- _SUPPLIED MATERIAL_:
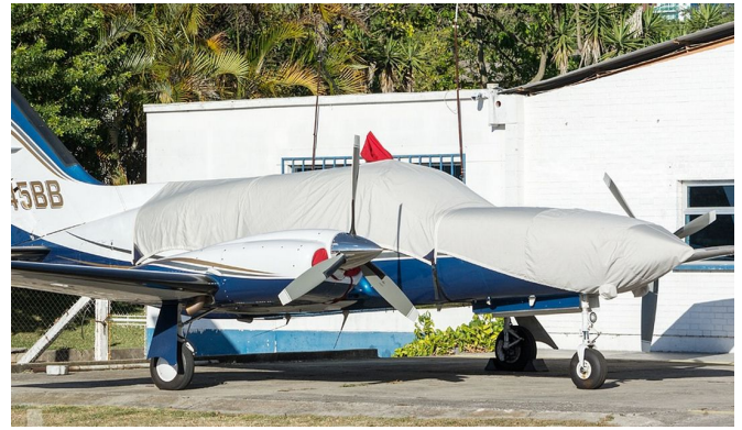
Cessna 421 Canopy Cover & Nose Cover
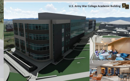
Artist's rendition of the Army War College academic building. Foundation construction will begin soon for a Winter 2022/ Spring 2023 occupancy by USAWC students.

The Army announced that Manhattan Construction Co., Arlington, Virginia, was awarded an $85,407,155 firm-fixed-price contract for construction of a new four-story, 201,000 square-foot general instruction building to support the U.S. Army War College. Bids were solicited via the internet with six received. Work will be performed in Carlisle Barracks, Pennsylvania, with an estimated completion date of March 29, 2023. Fiscal 2020 military construction, Army funds in the amount of $85,407,155 were obligated at the time of the award.

- _WORK REQUEST_: Give back the whole of the material exactly, with the pictures removed.

- _TASK ANSWER_:
Cessna 421 Canopy Cover & Nose Cover
Artist's rendition of the Army War College academic building. Foundation construction will begin soon for a Winter 2022/ Spring 2023 occupancy by USAWC students.

The Army announced that Manhattan Construction Co., Arlington, Virginia, was awarded an $85,407,155 firm-fixed-price contract for construction of a new four-story, 201,000 square-foot general instruction building to support the U.S. Army War College. Bids were solicited via the internet with six received. Work will be performed in Carlisle Barracks, Pennsylvania, with an estimated completion date of March 29, 2023. Fiscal 2020 military construction, Army funds in the amount of $85,407,155 were obligated at the time of the award.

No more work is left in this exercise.